Big Thief – ‘Dragon New Warm Mountain I Believe in You’ Album Review

Photo Credit: Michael Buisha

It’s hard for the listener to know after only about a week which tracks will remain in your playlist rotation over time from an 80-minute, 20-track mega album such as this. Similarly, it can be hard for a songwriter to know the difference between a charming throwaway and a stunning little gem. Big Thief’s main songwriter and frontwoman Adrianne Lenker initially thought of “Spud Infinity” as a throwaway until she played it for drummer and producer James Krivchenia, who responded with tears in his eyes: “Adrianne, I’m crying!” Krivchenia exclaimed. “But I say ‘garlic bread’ in it. You can’t say ‘garlic bread’ in a song!” Lenker said. ”Well, it’s 2022 now and everything is possible,” they agreed. Especially when it’s compensated with excellent wordplay such as “When I say celestial // I mean extra-terrestrial.” Big Thief’s fifth studio album titled Dragon New Warm Mountain I Believe in You – their equivalent to the Beatles eponymous “white album,” Stevie Wonder’s Songs in the Key of Life, or the Rolling Stones’ Exile on Main St. – is filled with wonderful little gems like this, making these 80-minutes vanish with an incredible flow.  

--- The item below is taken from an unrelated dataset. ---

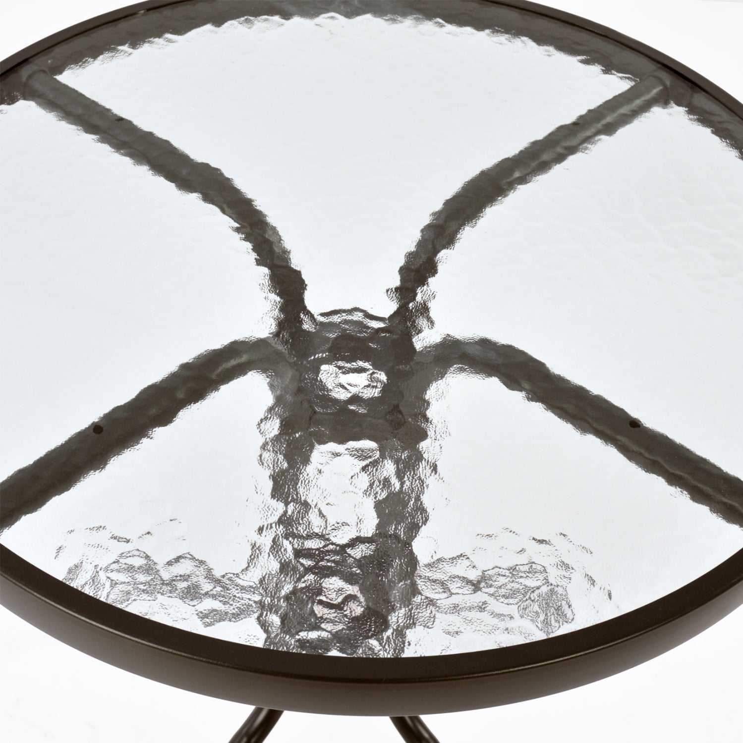 Ένα τραπέζι μεταλλικό εξωτερικού χώρου σε χρώμα καφέ , με ενσωματωμένο τζαμί ασφάλειας (secure).
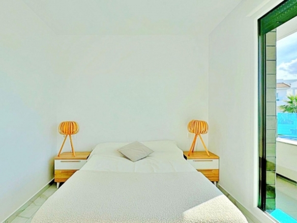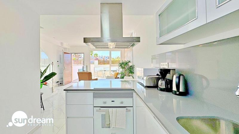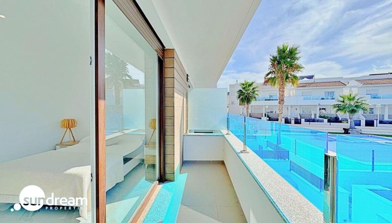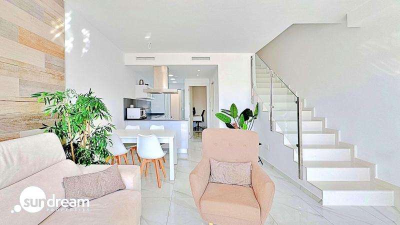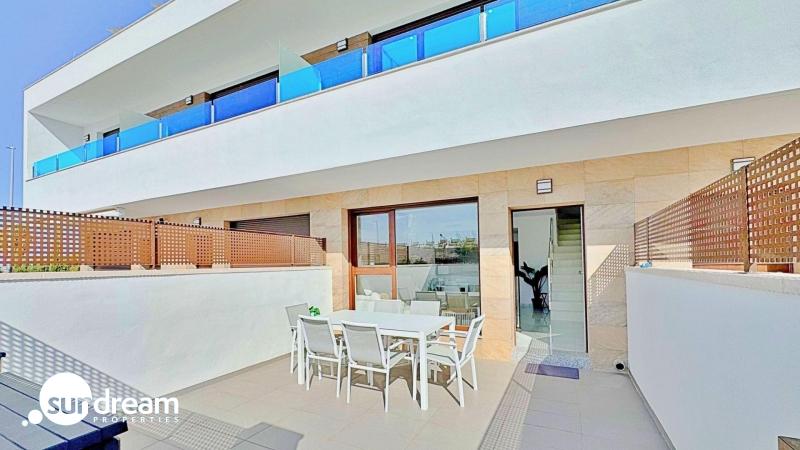 Este adosado dúplex de tres dormitorios y tres baños se encuentra en la exclusiva zona residencial de Los Balcones, en Torrevieja. La vivienda destaca por su diseño moderno, la luminosidad en cada estancia y sus amplias terrazas que permiten disfrutar del estilo de vida mediterráneo durante todo el año.En la planta baja, la vivienda dispone de un jardín privado de 22 m2 con espacio para comedor exterior. El interior cuenta con un salón de concepto abierto, decorado con un elegante revestimiento en la pared principal, conectado a una cocina moderna totalmente equipada con electrodomésticos y barra americana. En esta planta también se sitúa un dormitorio con armario empotrado, actualmente adaptado como zona de trabajo, además de un baño completo con ducha.En la planta superior se encuentran dos dormitorios, ambos con armarios empotrados, siendo el principal muy luminoso y con acceso directo a una terraza privada con vistas a la urbanización y a la piscina. En esta planta se ubican también dos baños completos con acabados de alta calidad.La vivienda cuenta con un amplio solárium privado con vistas despejadas a la laguna de Torrevieja, equipado con zona chill-out, pérgola, barbacoa y tumbonas, perfecto para disfrutar de reuniones al aire libre o de la tranquilidad del entorno.El residencial ofrece amplias zonas comunes con piscina comunitaria de gran tamaño rodeada de palmeras y zonas verdes, lo que genera un ambiente ideal tanto para familias como para quienes buscan un entorno relajado.La urbanización de Los Balcones es una de las más consolidadas de Torrevieja, con todos los servicios al alcance: supermercados, colegios, farmacias, zonas deportivas y el Hospital Universitario de Torrevieja. Las playas de Punta Prima y Torrevieja se encuentran a menos de 4 km, lo que convierte esta propiedad en una excelente opción tanto como residencia permanente como para inversión vacacional.

The journey takes off carefully with the acoustic, folksy “Change”, a perspicuous tale of life and death that’s almost a little too comforting. When “Time Escaping” opens with a chaotic mess of snapping so-called prepared acoustic guitars suggesting a far more avant-garde approach than we were led to believe by the opener, you’re wondering if you’re still listening to the same album. When Mat Davidson’s fiddle and Noah Lenker’s (Adrianne’s brother) jaw harp open on “Spud Infinity” in true bluegrass fashion, it’s obvious that this album is something else. Big Thief has never been afraid of exploring the boundaries of folk – and successfully so – but on Dragon New Warm Mountain I Believe in You, they’re setting free every quarter note hidden within their endlessly creative collaborative mind. 

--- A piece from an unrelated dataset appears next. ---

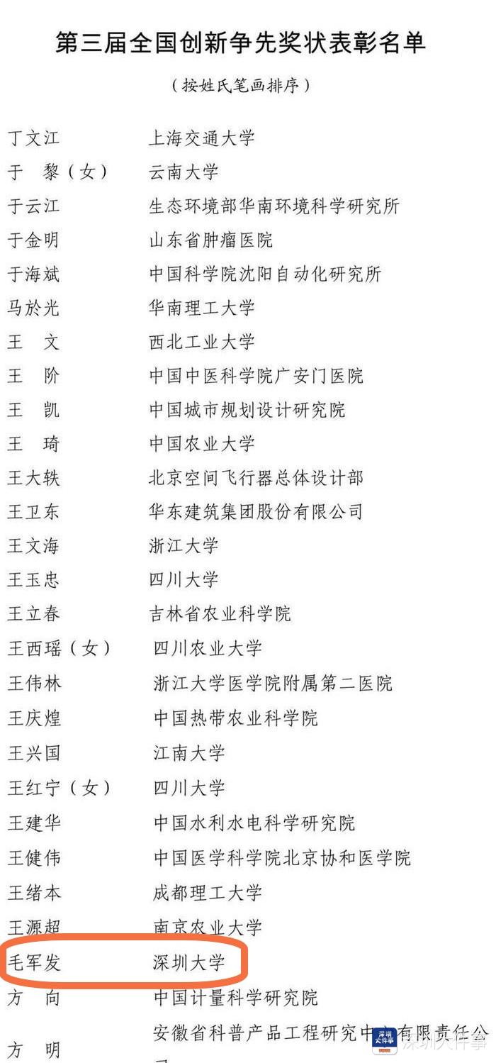 5月30日是第七个“全国科技工作者日”,庆祝全国科技工作者日暨全国创新争先奖表彰大会在国家科技传播中心隆重举行。大会上,人力资源和社会保障部、中国科协、科技部、国务院国资委公布了第三届全国创新争先奖获奖名单。深圳大学校长、中国科学院院士毛军发获第三届全国创新争先奖状。

We have already been teased with eight out of these twenty songs during the autumn and winter, starting with the loose complexity of ”Little Things” and the melodic folk of ”Sparrow”, a song about Adam and Eve. These two songs would eventually represent the finished product brilliantly: homegrown and rootsy by nature yet endlessly creative and forward-pushing through the folk terrain while avoiding repetition and instead constantly introducing new ideas and combinations of instruments. One of my personal favorites wonderfully highlights this aspect. About one hour into the album hides the galloping ”Wake Me Up to Drive”, where the use of a drum machine creates an intriguing pulse that pushes the melody forward. I can’t think of any other artist that would let an accordion and a drum machine work next to each other, and if someone told me about a band that did it, I would have a hard time imagining that they would manage to pull it off as fearlessly and smooth as Big Thief. 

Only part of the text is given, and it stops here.